Cheng noted that music performance, a division of the music department at Colgate, is the only academic field that “demands years of study before a student arrives on campus.” Most orchestra members come to Colgate’s group with an average of nine years of experience in musical performance.

Not all orchestra members major, or even minor, in music. An example of this is senior Carissa Schreck, who has been student principal violist since her first year. Schreck is a mathematical economics major. Although she had been playing the viola for eight years prior to her entry into Colgate’s orchestra, Schreck was nervous upon taking on the role of the only student violist during her first year.

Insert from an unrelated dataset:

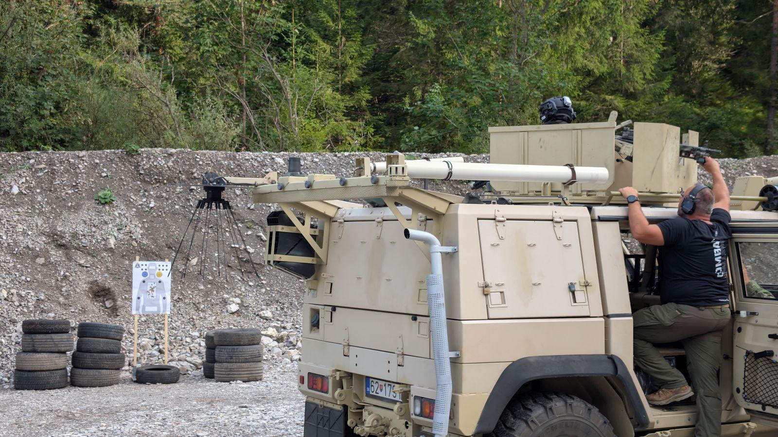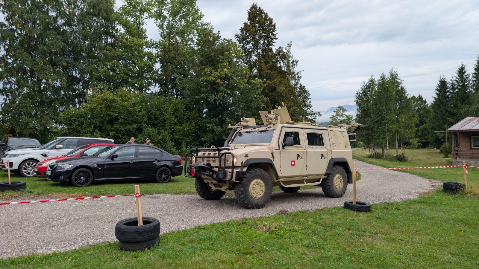 Before we know it, we're already on our way to the range. It's only about a three-minute drive from our accommodation, and as soon as we park, a military vehicle comes towards us. We'll see this later on a stage and it's provided by the Slovakian special forces.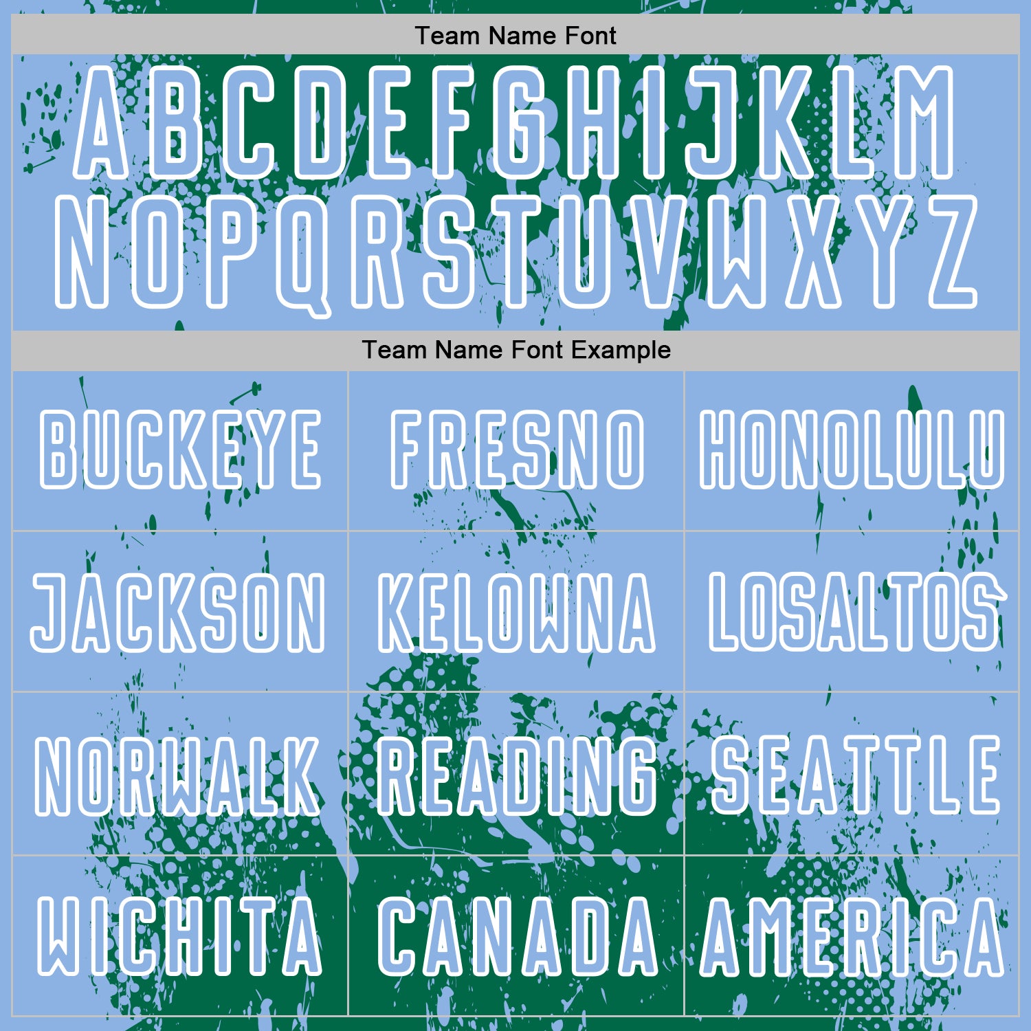 Custom Kelly Green Light Blue-White Abstract Splatter Grunge Art Sports Sublimation Soccer Uniform Jersey

“When the professionals were not at rehearsal, it was intimidating,” she said. “However, being ‘alone’ in my section made me want to practice more to prove that I could stand on my own. I became confident in myself and began to really enjoy playing in such an intense musical atmosphere.”

After conquering the intimidation of playing alone as one of the youngest members of such a talented group, Schreck grew musically and was prepared to share her experiences with the new freshman violists. Currently, the orchestra is an outlet for Schreck to explore her musical talents, while also taking a break from her academic focus in the natural sciences.

“The orchestra still allows me to pursue my passions for music,” she said, “creates an atmosphere for team building and individualistic development, but most of all, allows me to have fun while working towards creating a first-rate product.”

Another of the orchestra’s student principal musicians, senior Natalie Reed, came into Colgate’s group with eight years of experience, not only playing her instrument but also playing in an orchestra.

“Personally, I’ve played in the orchestra since 5th grade and I love it!” she said.

For experienced musicians like Reed, the opportunity to learn from professionals is one of the most rewarding aspects of being a member of Colgate’s orchestra.

“It’s great having the professionals because we alternate seating, one professional and one student on each stand, and we learn a lot from them,” she said. These professional musicians are right there with the students, able to share not only their talent in the fundamentals of musical performance, but also experiences they have had as musicians. Cheng describes this arrangement as creating “an optimal learning environment” for all involved.

Although the orchestra’s final concert of the semester has already been held, two concerts will be performed in the spring semester. All students, regardless of musical knowledge and talent, are invited to come enjoy upcoming performances.